Ten months ago, Richard Vedder reported the following in The Chronicle of Higher Education:
. . . following up on information provided by former student Douglas Himes at the Bureau of Labor Statistics (BLS), my sidekick Chris Matgouranis showed me the table reproduced below . . . Over 317,000 waiters and waitresses have college degrees (over 8,000 of them have doctoral or professional degrees), along with over 80,000 bartenders, and over 18,000 parking lot attendants. All told, some 17,000,000 Americans with college degrees are doing jobs that the BLS says require less than the skill levels associated with a bachelor’s degree.
A few days later, CBS’s 60-Minutes had a segment on unemployed and underemployed people with Ph.D.s and Master’s degrees.
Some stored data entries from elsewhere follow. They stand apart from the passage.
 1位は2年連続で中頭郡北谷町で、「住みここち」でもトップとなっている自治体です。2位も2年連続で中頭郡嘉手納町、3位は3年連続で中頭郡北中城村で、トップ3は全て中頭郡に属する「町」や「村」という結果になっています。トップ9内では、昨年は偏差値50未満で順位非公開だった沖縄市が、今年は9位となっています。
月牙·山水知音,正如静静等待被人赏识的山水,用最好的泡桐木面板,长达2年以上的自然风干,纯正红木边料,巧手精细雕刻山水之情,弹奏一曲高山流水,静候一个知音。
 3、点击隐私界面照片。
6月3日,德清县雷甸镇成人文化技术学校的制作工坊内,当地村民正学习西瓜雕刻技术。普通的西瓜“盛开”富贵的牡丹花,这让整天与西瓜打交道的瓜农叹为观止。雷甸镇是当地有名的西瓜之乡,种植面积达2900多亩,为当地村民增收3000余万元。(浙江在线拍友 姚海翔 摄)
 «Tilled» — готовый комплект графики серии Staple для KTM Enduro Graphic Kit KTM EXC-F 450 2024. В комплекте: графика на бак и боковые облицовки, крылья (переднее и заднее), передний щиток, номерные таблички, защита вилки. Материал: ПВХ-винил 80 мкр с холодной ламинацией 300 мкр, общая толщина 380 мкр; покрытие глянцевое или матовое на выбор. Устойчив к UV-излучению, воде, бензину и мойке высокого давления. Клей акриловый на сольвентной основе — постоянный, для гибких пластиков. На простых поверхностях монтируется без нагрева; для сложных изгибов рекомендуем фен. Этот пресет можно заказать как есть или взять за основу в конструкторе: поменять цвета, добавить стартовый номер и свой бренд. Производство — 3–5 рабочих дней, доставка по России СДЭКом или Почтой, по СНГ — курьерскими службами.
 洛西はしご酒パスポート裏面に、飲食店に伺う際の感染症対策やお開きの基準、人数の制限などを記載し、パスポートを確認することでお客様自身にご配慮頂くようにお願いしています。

Much of the segment was filmed in Silicon Valley. The unemployed there had been laid off from high paying jobs, and had exhausted their savings during their unsuccessful job searches.
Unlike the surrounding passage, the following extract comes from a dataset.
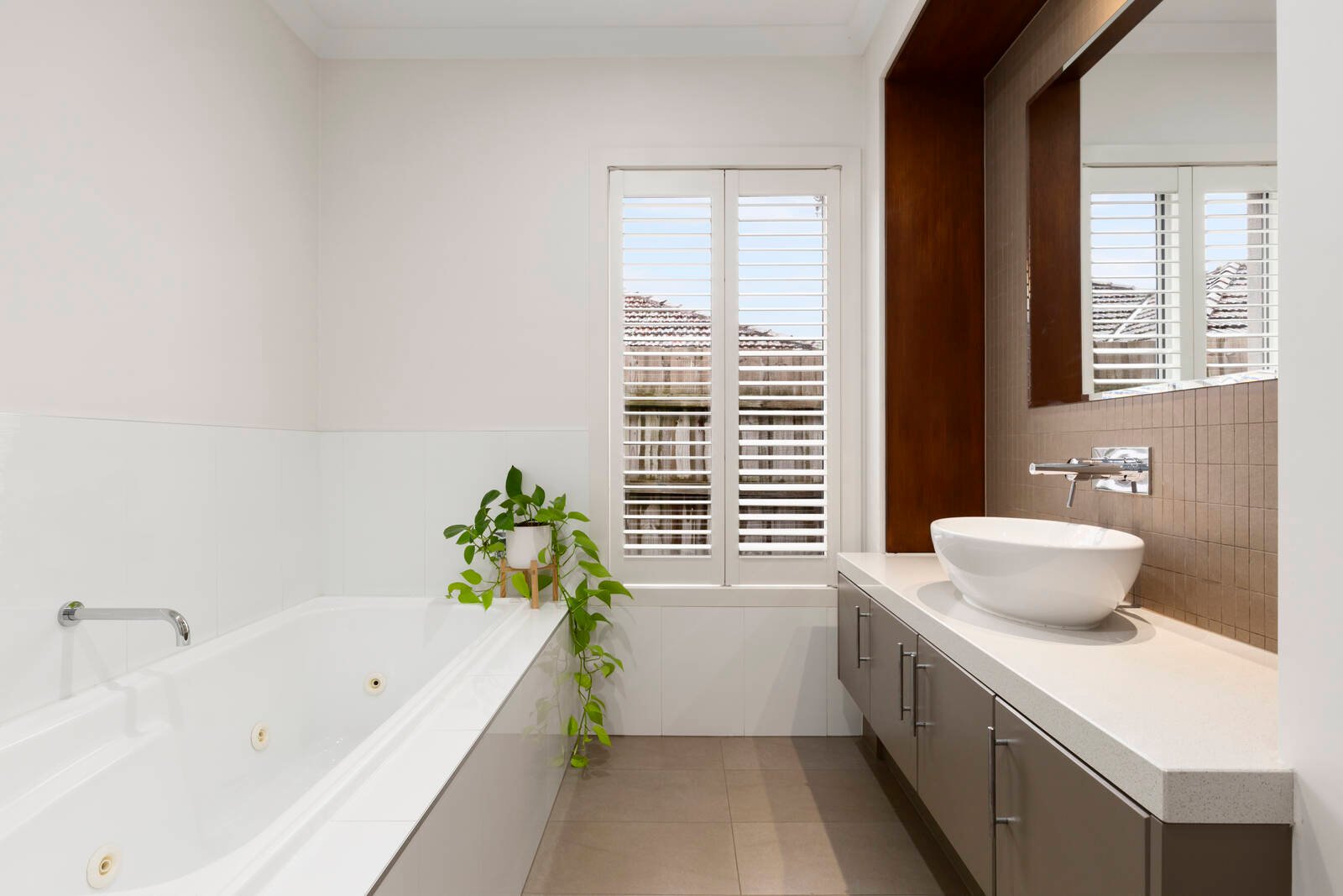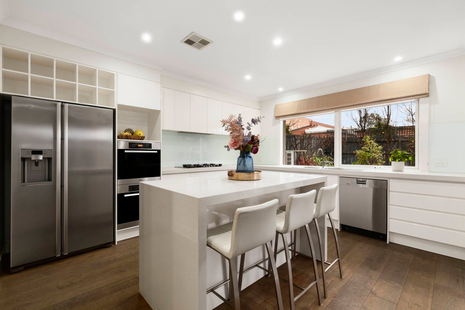 The quality of the features and finishes are evident throughout –including luxury stone bench tops, Villeroy & Boch bathware, a regular shaped spa bath, Miele kitchen appliances and the resort style elegance of plantation window shutters.

The segment started with the statement:
The economic jam we’re in has topped even the Great Depression in one respect: never have we had a recession this deep with a recovery this flat. Unemployment has been at nine and a half percent or above for 14 months.
Sounds a bit bleak. However, later in the segment, after he had talked with a group of unemployed people that included those with Ph.D.s and Master’s degrees in technical and scientific fields, Scott Pelley stated (with emphasis added):
These folks aren’t that unusual: today, nearly 20 percent of the unemployed in America have college degrees. Silicon Valley lost its jobs in construction, manufacturing and in high-tech engineering that went overseas. San Jose looks the same, but it shrank by 75,000 jobs. Many buildings there stand empty. The national unemployment rate of about nine and a half percent sounds incredibly high and of course it is. But it doesn’t nearly capture the depth of the trouble. It doesn’t count the people who’ve seen their hours cut to part time. It doesn’t count the people who have quit looking for work. If you add all of that together, the unemployed and the underemployed, it’s not nine and a half percent, it’s 17 percent; and in California it’s 22 percent. And what makes it so much worse is that, nationwide, one third of the unemployed have been out of work more than a year. That hasn’t happened since the Depression.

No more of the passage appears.